In the same month two German-Russian dual citizens were arrested in Germany over alleged hostile reconnaissance of a U.S. Army base in Bavaria used to train Ukrainian soldiers. The pair were said to be planning to “commit explosives and arson attacks, especially on military infrastructure and industrial sites in Germany”. One of the suspects in the case, Dieter S., was accused of: “conspiring to cause an explosive explosion and arson, acting as an agent for sabotage purposes… membership in a foreign terrorist organization and preparing a serious act of violence that endangers the state.”
Again in April five people in the United Kingdom were facing charges over an arson attack that burnt out a Ukrainian-owned business in London. At least one of the group was charged with hostile activity intended to “assist a foreign intelligence service carrying out activities in the UK”. In February of this year Estonia arrested ten alleged saboteurs, who were accused of working to spread fear as part of a “hybrid operation”, the neologism now in currency for war by other means.
A remarkable case in December 2023 saw 14 ‘spies’, who among their number were Ukrainian refugees, sentenced by a court for a plot to gather information and launch a variety of actions and attacks. The court heard how the group were in communication with Russian intelligence and had been promised payments in cryptocurrency payments in return for their work.
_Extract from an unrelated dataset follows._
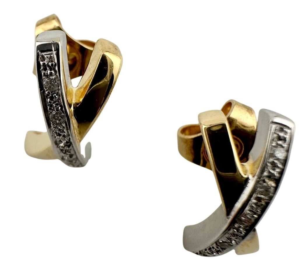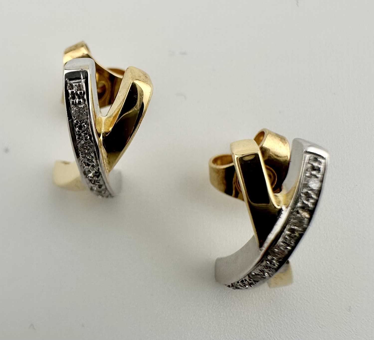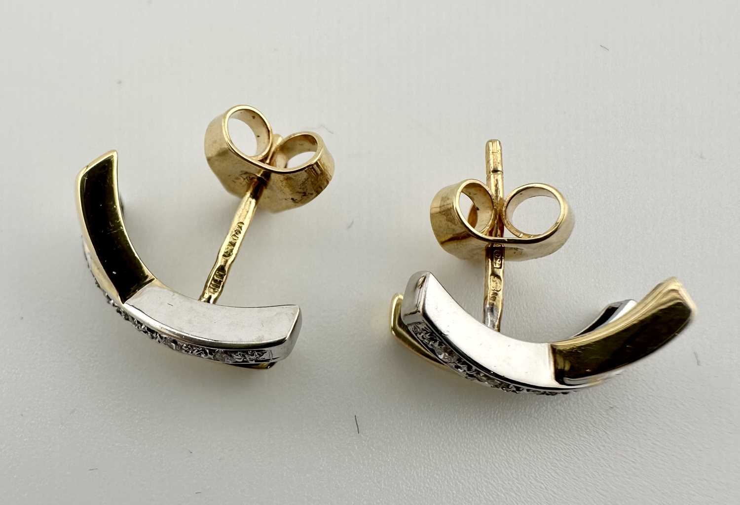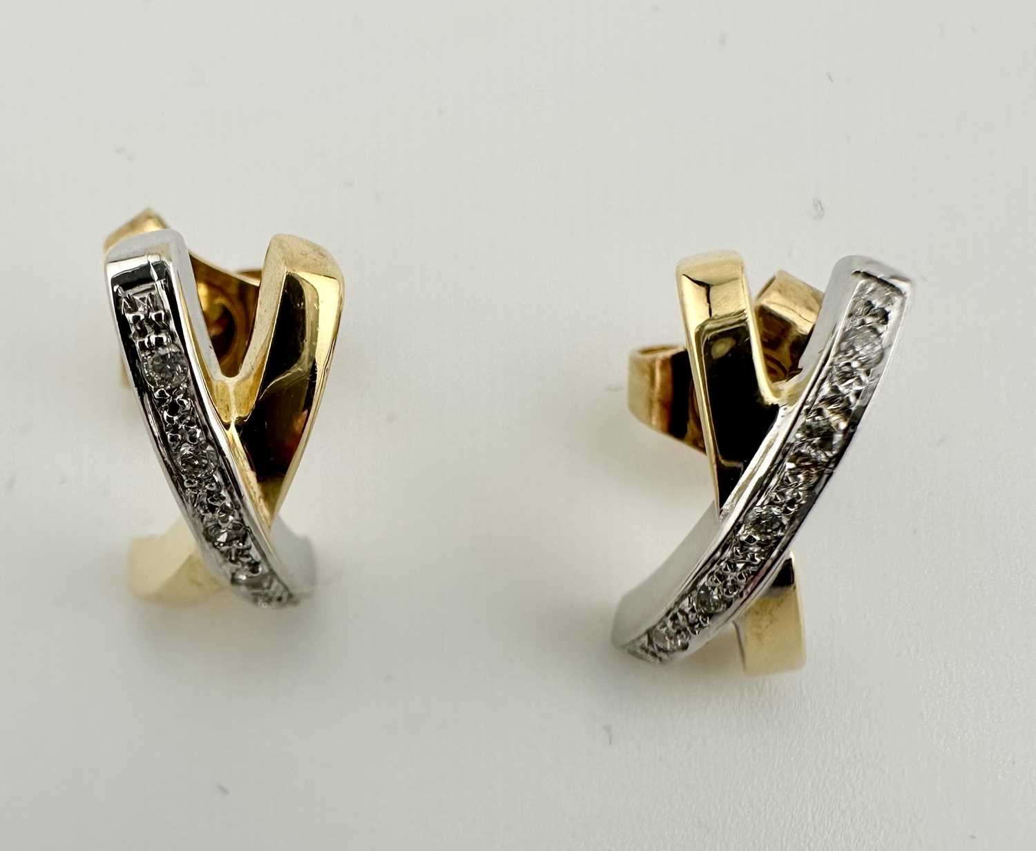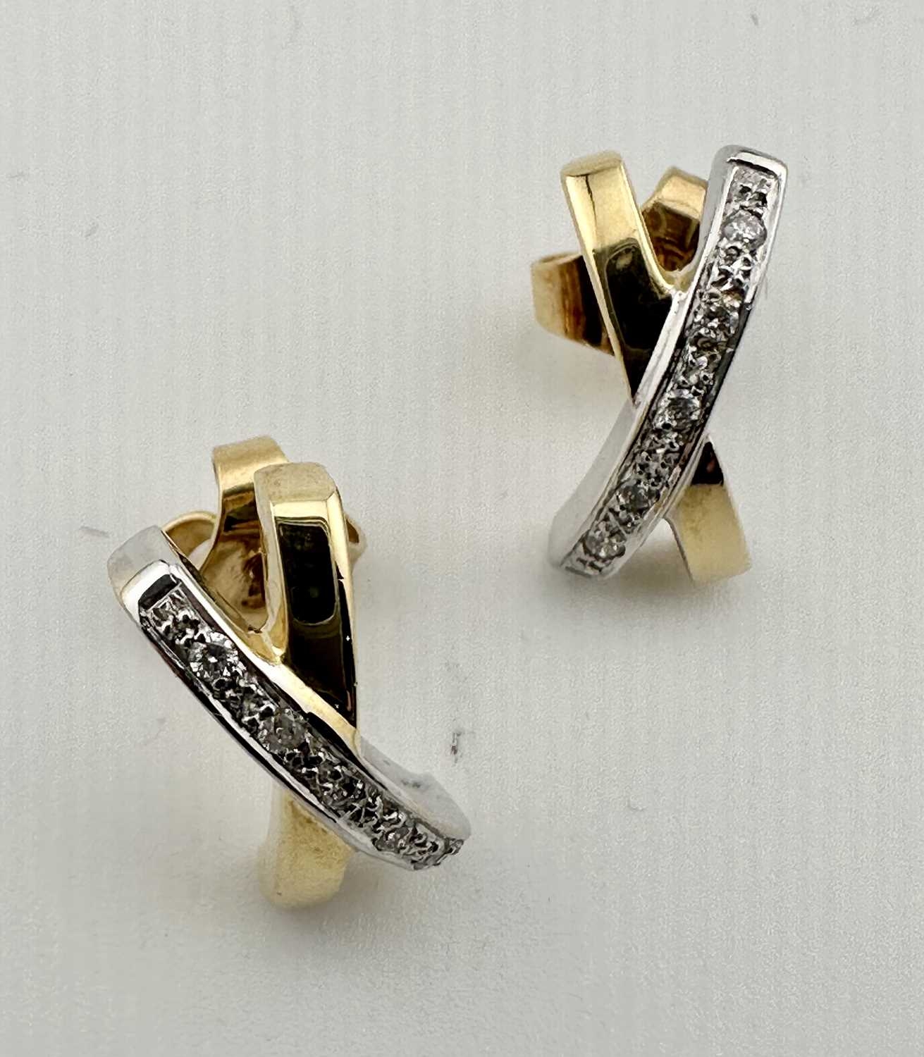 A pair of bi-colour 18ct gold brilliant-cut diamond cross earrings, estimated total diamond weight 0.10ct, hallmarks for Sheffield, length 1.5cm, 3.6g.

The bounties on offer from Moscow were said to have included $5 for putting up a poster disseminating pro-Russian or anti-Ukrainian propaganda, or $400 for installing a wireless surveillance camera watching a port, airport, or railyard where military equipment transited from Europe to Ukraine. $10,000 in crypto was apparently offered in return for derailing a military train carrying equipment to Ukraine.
While derailing a train may seem fanciful, such tactics are already in widespread use in the Ukraine war itself and beyond, with pro-Kyiv saboteurs working overtime behind Russian lines to prevent ammunition and resupply trains reaching the front line, frequently blowing lines, burning equipment, and derailing trains. In some cases the Ukrainian partisans have gone further, planting car bombs on the personal vehicles of targets within Russia.